How much heat is required to convert solid ice with a mass of 810 g and at a temperature of -18.0 °C to liquid water at a temperature of 62.5 °C? (The specific heat of ice is cice = 2100 J/kgK, the specific heat of water is cwater = 4186.8 J/kgK, and the heat of fusion for water is: Lf = 334 kJ/kg.)
To calculate the amount of heat required to convert solid ice to liquid water, we need to consider the following steps:
Step 1: Calculate the heat required to raise the temperature of the ice from -18.0 °C to 0 °C.
Step 2: Calculate the heat required to melt the ice at its melting point.
Step 3: Calculate the heat required to raise the temperature of the water from 0 °C to 62.5 °C.
Step 4: Sum up the results from steps 1, 2, and 3 to find the total heat required.
Let's go through each step in detail:
Step 1: Calculate the heat required to raise the temperature of the ice from -18.0 °C to 0 °C.
The specific heat capacity of ice (cice) is given as 2100 J/kgK. To calculate the heat required (Q1), we can use the formula:
Q1 = mass * cice * ΔT1
where:
- mass is the mass of ice (810 g = 0.81 kg)
- cice is the specific heat capacity of ice (2100 J/kgK)
- ΔT1 is the temperature change (0 °C - (-18.0 °C) = 18.0 °C)
Plugging in the values, we get:
Q1 = 0.81 kg * 2100 J/kgK * 18.0 °C
= 30618 J
Step 2: Calculate the heat required to melt the ice at its melting point.
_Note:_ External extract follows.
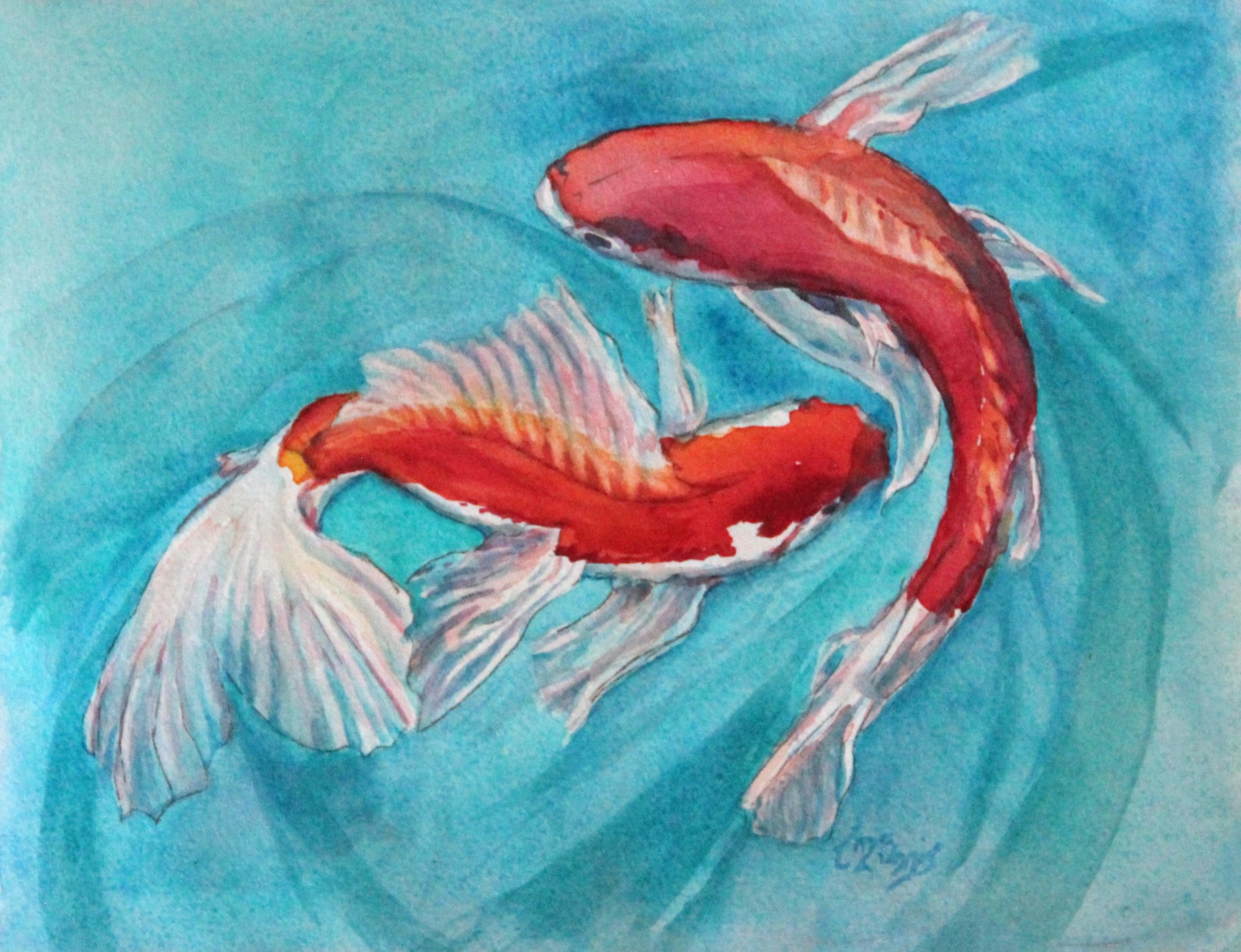 Playful golden red Koi make for a playful contrast swimming in a pond of aqua.

The heat of fusion for water (Lf) is given as 334 kJ/kg. To calculate the heat required (Q2), we can use the formula:
Q2 = mass * Lf
where:
- mass is the mass of ice (810 g = 0.81 kg)
- Lf is the heat of fusion for water (334 kJ/kg = 334,000 J/kg)
Plugging in the values, we get:
Q2 = 0.81 kg * 334,000 J/kg
= 270,540 J
Step 3: Calculate the heat required to raise the temperature of the water from 0 °C to 62.5 °C.
The specific heat capacity of water (cwater) is given as 4186.8 J/kgK. To calculate the heat required (Q3), we can use the formula:
Q3 = mass * cwater * ΔT2
where:
- mass is the mass of water (which is equal to the mass of ice since the ice melted)
- cwater is the specific heat capacity of water (4186.8 J/kgK)
- ΔT2 is the temperature change (62.5 °C - 0 °C = 62.5 °C)
Plugging in the values, we get:
Q3 = 0.81 kg * 4186.8 J/kgK * 62.5 °C
= 216,408 J
Step 4: Calculate the total heat required.
To find the total heat required (Qtot), we sum up the results from steps 1, 2, and 3:
Qtot = Q1 + Q2 + Q3
= 30618 J + 270540 J + 216408 J
= 517,566 J
Therefore, the heat required to convert solid ice with a mass of 810 g and at a temperature of -18.0 °C to liquid water at a temperature of 62.5 °C is 517,566 J.